# HOW TO COMPLETE THIS TASK:
From the material below, retype exactly the lines that begin at the line with "出库存石英表15块,双历显示" and end after the line with "Another Tesco product, Garlic"; pictures stay out of the copy.
+++ EXTRACTED ENTRIES
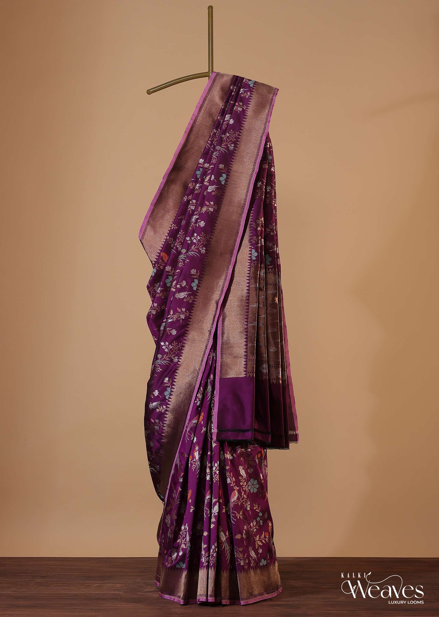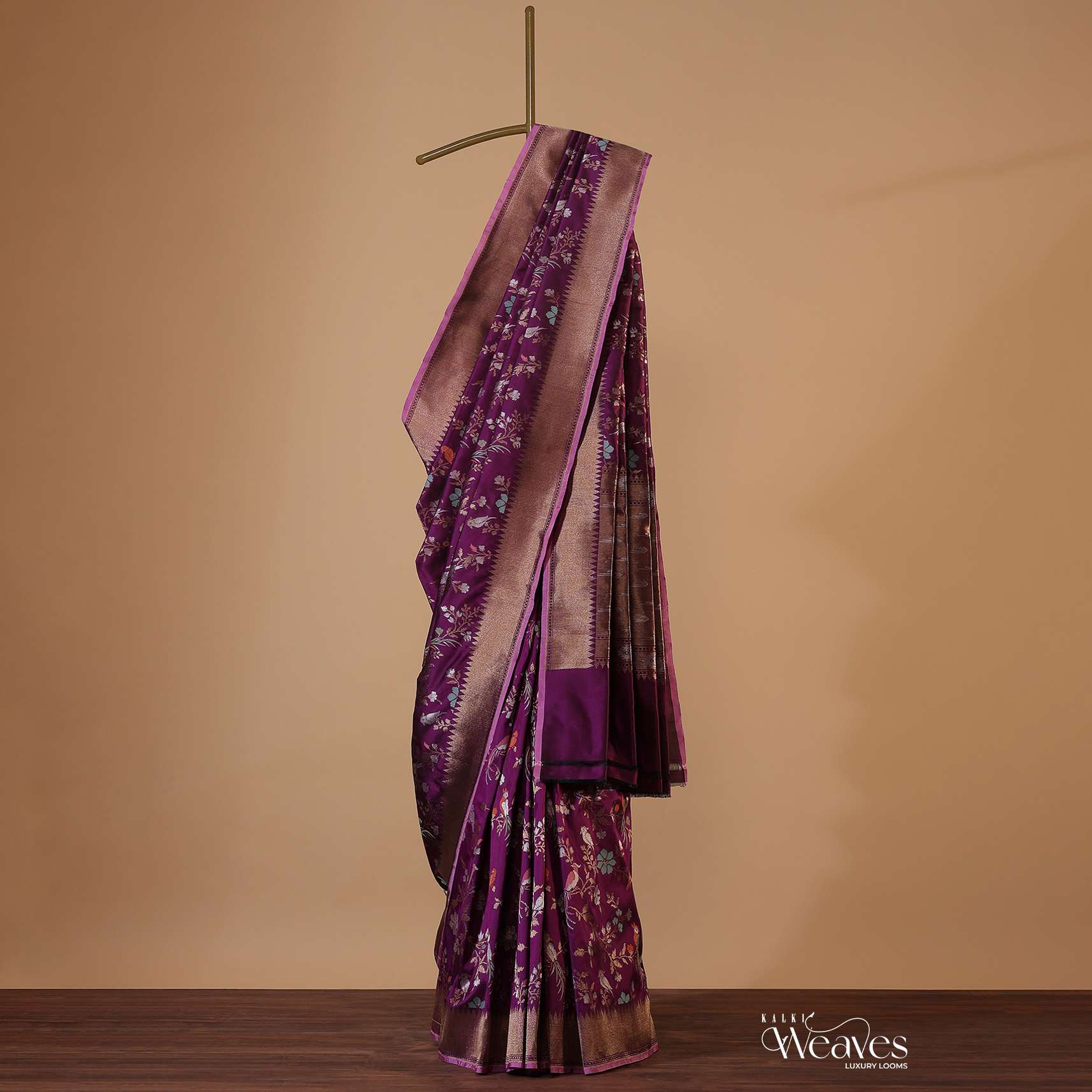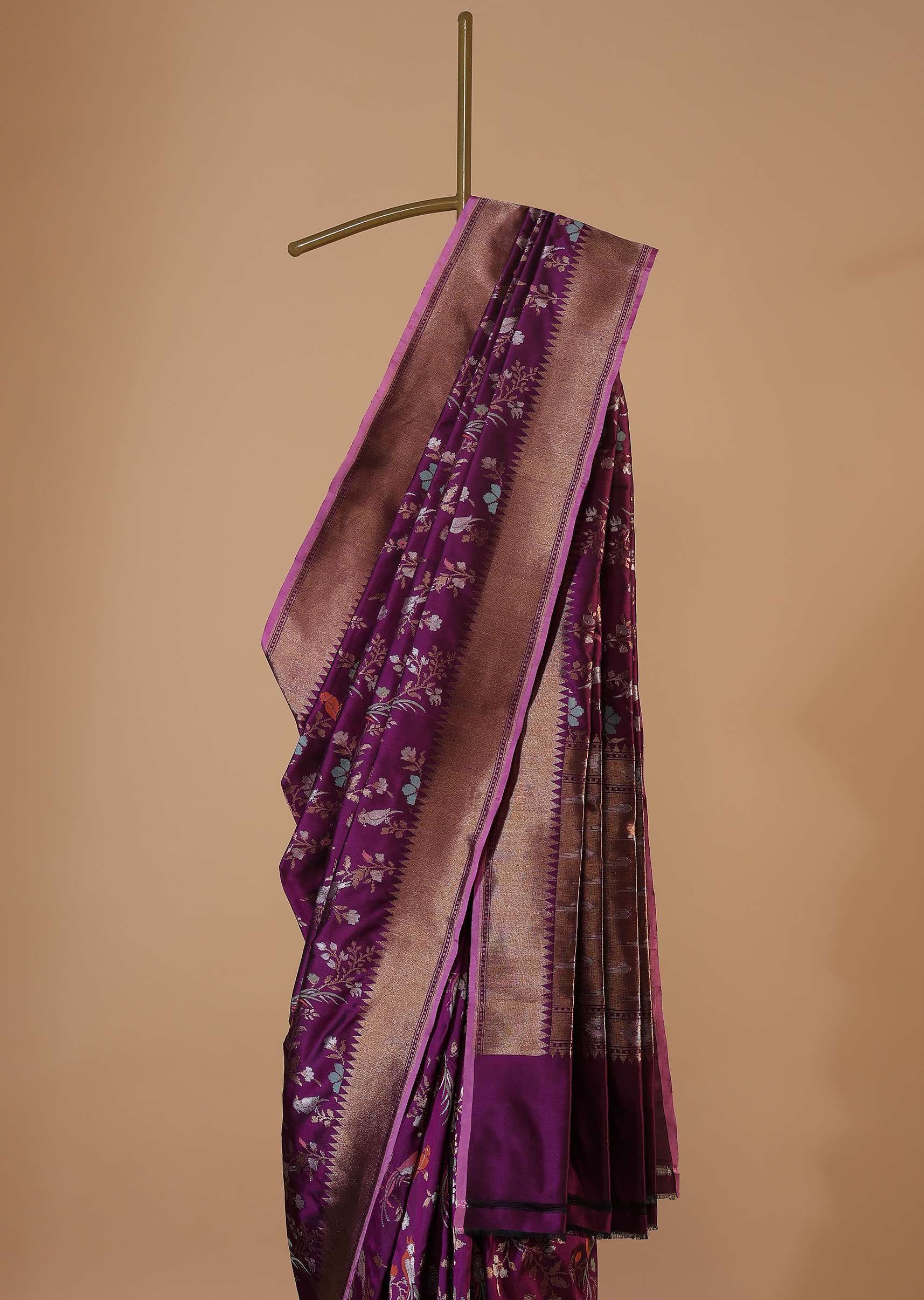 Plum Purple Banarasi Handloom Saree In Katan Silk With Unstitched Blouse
++++++
+++ EXTRACTED ENTRIES
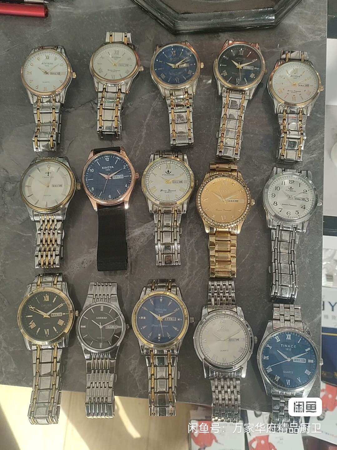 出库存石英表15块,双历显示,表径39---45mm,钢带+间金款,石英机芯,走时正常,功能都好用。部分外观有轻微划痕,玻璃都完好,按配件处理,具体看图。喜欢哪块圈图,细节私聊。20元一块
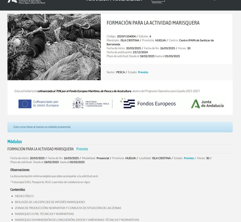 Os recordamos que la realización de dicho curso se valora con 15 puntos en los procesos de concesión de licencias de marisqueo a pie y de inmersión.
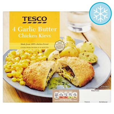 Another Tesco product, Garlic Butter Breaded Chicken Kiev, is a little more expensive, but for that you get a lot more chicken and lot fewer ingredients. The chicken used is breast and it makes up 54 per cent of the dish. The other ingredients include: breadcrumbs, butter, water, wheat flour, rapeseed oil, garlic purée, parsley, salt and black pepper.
++++++
+++ EXTRACTED ENTRIES
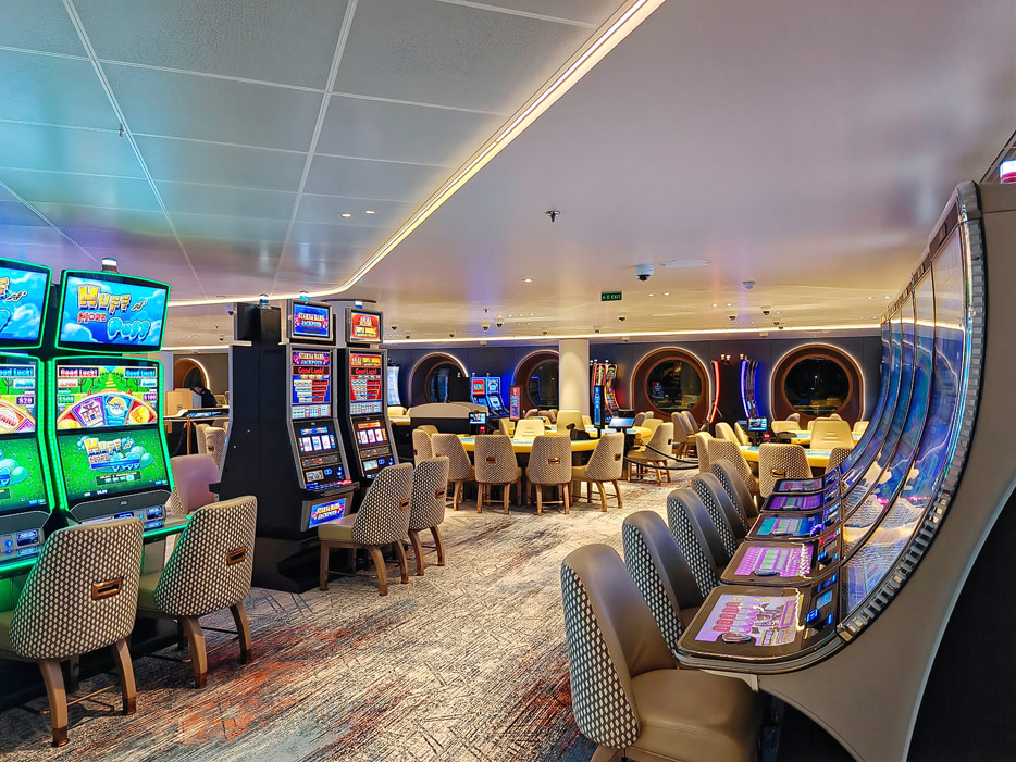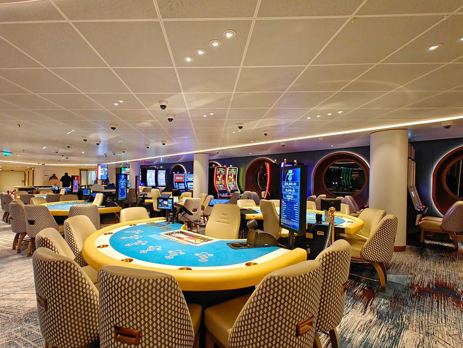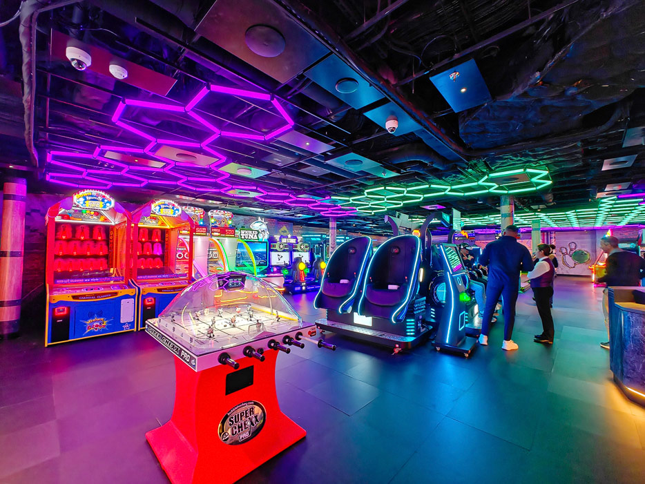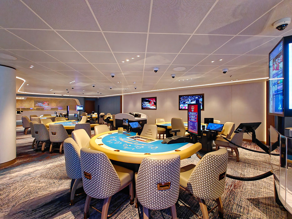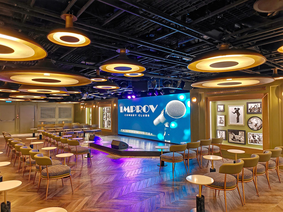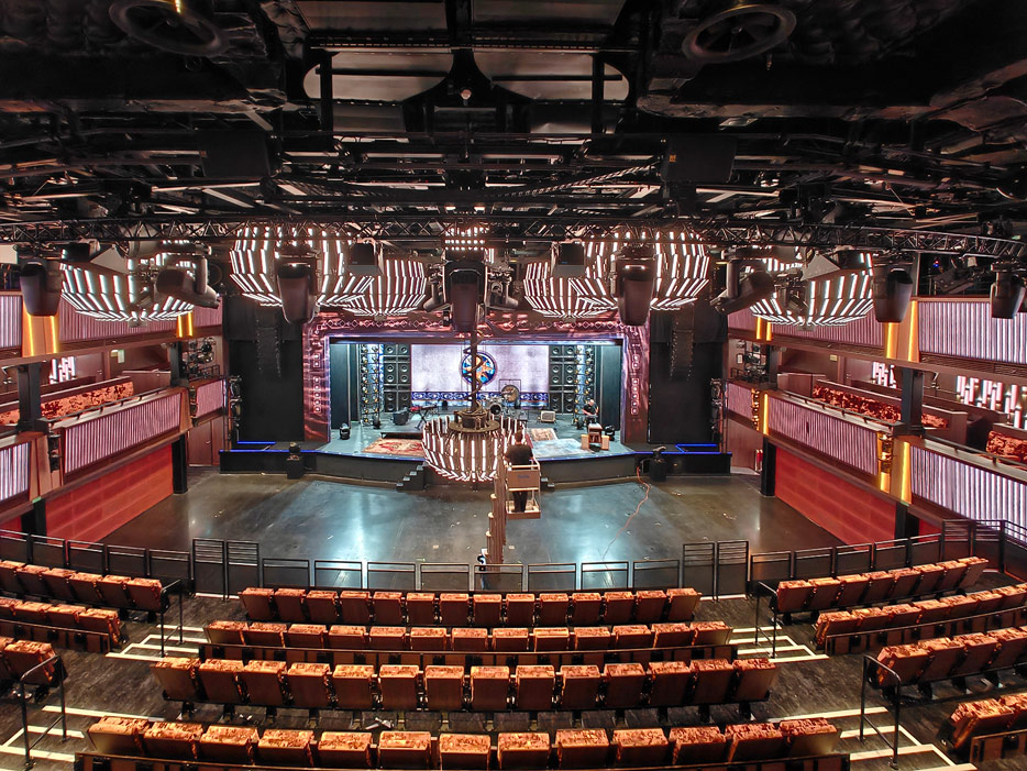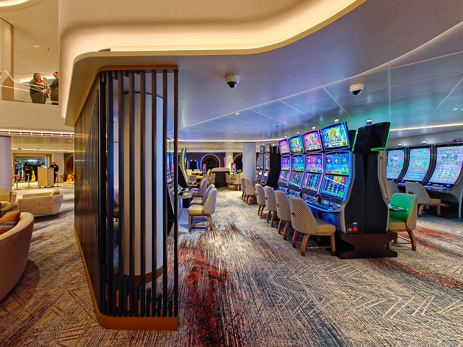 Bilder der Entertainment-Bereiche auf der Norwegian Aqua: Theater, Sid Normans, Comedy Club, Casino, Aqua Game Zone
++++++
# YOUR RESPONSE:
 出库存石英表15块,双历显示,表径39---45mm,钢带+间金款,石英机芯,走时正常,功能都好用。部分外观有轻微划痕,玻璃都完好,按配件处理,具体看图。喜欢哪块圈图,细节私聊。20元一块
 Os recordamos que la realización de dicho curso se valora con 15 puntos en los procesos de concesión de licencias de marisqueo a pie y de inmersión.
 Another Tesco product, Garlic Butter Breaded Chicken Kiev, is a little more expensive, but for that you get a lot more chicken and lot fewer ingredients. The chicken used is breast and it makes up 54 per cent of the dish. The other ingredients include: breadcrumbs, butter, water, wheat flour, rapeseed oil, garlic purée, parsley, salt and black pepper.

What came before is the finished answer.